Time columns are checked for NA/NaN values, sequential time, duplicate time and evenly-spaced time data. Oxygen columns are simply checked for NA/NaN data. Once data checks are complete, the function produces a list object which may be directly loaded into calc_rate(), calc_rate.bg(), calc_rate.ft(), and auto_rate() for further analyses.
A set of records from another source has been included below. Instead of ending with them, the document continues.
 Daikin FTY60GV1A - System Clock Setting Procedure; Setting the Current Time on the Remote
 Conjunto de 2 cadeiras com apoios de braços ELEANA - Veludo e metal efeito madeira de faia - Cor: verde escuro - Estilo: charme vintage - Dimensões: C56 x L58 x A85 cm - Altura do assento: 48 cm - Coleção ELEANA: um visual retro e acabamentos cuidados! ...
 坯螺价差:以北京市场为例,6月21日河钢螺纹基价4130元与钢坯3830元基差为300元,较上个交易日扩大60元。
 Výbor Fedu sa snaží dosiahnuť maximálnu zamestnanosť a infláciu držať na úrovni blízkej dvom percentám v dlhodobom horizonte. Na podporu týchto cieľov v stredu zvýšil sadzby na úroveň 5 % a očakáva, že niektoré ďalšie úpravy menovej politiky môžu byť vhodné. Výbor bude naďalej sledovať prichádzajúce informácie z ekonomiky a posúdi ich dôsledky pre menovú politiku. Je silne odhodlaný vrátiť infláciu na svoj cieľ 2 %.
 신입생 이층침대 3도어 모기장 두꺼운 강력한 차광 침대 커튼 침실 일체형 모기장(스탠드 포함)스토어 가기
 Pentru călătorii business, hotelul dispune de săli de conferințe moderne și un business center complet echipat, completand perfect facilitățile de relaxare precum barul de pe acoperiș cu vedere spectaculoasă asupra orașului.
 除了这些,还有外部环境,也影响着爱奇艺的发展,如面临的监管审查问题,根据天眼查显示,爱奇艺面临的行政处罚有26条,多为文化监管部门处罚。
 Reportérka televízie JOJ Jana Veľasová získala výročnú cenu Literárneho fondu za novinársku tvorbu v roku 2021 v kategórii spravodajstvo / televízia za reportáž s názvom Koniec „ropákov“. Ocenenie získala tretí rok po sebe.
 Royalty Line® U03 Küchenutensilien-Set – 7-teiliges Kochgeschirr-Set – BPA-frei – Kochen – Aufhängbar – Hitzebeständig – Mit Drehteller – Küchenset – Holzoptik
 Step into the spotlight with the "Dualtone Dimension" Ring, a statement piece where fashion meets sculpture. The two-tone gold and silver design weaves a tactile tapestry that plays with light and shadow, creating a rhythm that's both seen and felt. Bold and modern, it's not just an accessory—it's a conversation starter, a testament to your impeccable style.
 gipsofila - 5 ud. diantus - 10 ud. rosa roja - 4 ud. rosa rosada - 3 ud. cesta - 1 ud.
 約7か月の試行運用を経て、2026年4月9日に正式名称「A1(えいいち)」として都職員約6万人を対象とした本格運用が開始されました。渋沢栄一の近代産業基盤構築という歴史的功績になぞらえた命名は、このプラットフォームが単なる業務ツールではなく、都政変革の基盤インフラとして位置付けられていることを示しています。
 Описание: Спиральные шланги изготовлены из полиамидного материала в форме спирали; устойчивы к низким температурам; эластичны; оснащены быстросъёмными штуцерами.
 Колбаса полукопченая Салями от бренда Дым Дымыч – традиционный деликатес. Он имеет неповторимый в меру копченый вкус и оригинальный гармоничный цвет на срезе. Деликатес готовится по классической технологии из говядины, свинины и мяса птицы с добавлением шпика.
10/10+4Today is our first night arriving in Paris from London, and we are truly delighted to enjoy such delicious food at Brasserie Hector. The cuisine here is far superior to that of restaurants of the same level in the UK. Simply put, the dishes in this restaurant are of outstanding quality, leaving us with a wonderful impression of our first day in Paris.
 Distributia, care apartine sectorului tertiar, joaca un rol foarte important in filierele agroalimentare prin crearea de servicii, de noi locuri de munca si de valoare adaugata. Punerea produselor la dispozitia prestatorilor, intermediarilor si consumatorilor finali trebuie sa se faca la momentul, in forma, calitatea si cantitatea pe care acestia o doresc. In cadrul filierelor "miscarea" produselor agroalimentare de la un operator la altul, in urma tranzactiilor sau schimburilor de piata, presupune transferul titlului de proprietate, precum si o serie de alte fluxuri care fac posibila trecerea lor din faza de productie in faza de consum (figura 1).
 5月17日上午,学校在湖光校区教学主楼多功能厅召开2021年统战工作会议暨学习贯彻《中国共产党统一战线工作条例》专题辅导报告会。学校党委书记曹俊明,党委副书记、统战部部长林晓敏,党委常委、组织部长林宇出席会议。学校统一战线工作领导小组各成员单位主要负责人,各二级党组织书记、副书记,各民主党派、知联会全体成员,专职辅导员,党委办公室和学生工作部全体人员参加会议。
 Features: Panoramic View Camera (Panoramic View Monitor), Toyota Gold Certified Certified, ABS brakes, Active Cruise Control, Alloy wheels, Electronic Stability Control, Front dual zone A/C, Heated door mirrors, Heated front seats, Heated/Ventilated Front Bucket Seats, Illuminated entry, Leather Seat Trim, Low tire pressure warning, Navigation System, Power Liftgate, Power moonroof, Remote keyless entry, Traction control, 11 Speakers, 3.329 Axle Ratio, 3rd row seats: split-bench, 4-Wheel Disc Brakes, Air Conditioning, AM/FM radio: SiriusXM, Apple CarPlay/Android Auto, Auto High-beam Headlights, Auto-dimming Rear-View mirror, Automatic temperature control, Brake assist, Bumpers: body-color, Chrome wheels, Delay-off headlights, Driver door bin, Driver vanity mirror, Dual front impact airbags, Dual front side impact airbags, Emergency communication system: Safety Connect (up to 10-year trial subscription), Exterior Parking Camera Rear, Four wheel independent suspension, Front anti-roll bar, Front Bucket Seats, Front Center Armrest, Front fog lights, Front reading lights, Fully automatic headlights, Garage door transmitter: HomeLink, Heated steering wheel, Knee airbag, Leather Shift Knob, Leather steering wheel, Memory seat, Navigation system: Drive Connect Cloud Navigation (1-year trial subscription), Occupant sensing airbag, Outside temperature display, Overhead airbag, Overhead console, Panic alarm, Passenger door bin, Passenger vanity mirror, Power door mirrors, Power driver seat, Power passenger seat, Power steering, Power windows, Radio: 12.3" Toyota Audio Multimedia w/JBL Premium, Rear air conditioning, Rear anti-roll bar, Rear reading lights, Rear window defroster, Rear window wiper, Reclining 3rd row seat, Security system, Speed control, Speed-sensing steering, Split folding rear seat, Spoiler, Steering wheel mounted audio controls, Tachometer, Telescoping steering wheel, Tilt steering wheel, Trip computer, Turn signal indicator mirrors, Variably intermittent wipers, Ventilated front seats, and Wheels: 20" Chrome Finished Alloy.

If you wish to scan more than two columns, you can do so by specifying the time and oxygen arguments to select specific columns of a large data frame. However, the function will not produce a plot. Thus, you may inspect flowthrough respirometry data, which usually contains oxygen values for inflow and outflow, by specifying a vector of column numbers, e.g. oxygen = c(2,3).

Failed Checks

It should be noted most of these checks are for exploratory purposes only; they help diagnose potential issues with the data. For instance, very long experiments could have had sensor dropouts the user is completely unaware of. Other issues are not issues at all - for instance, an uneven time warning can result from using decimalised minutes, which is a completely valid time metric.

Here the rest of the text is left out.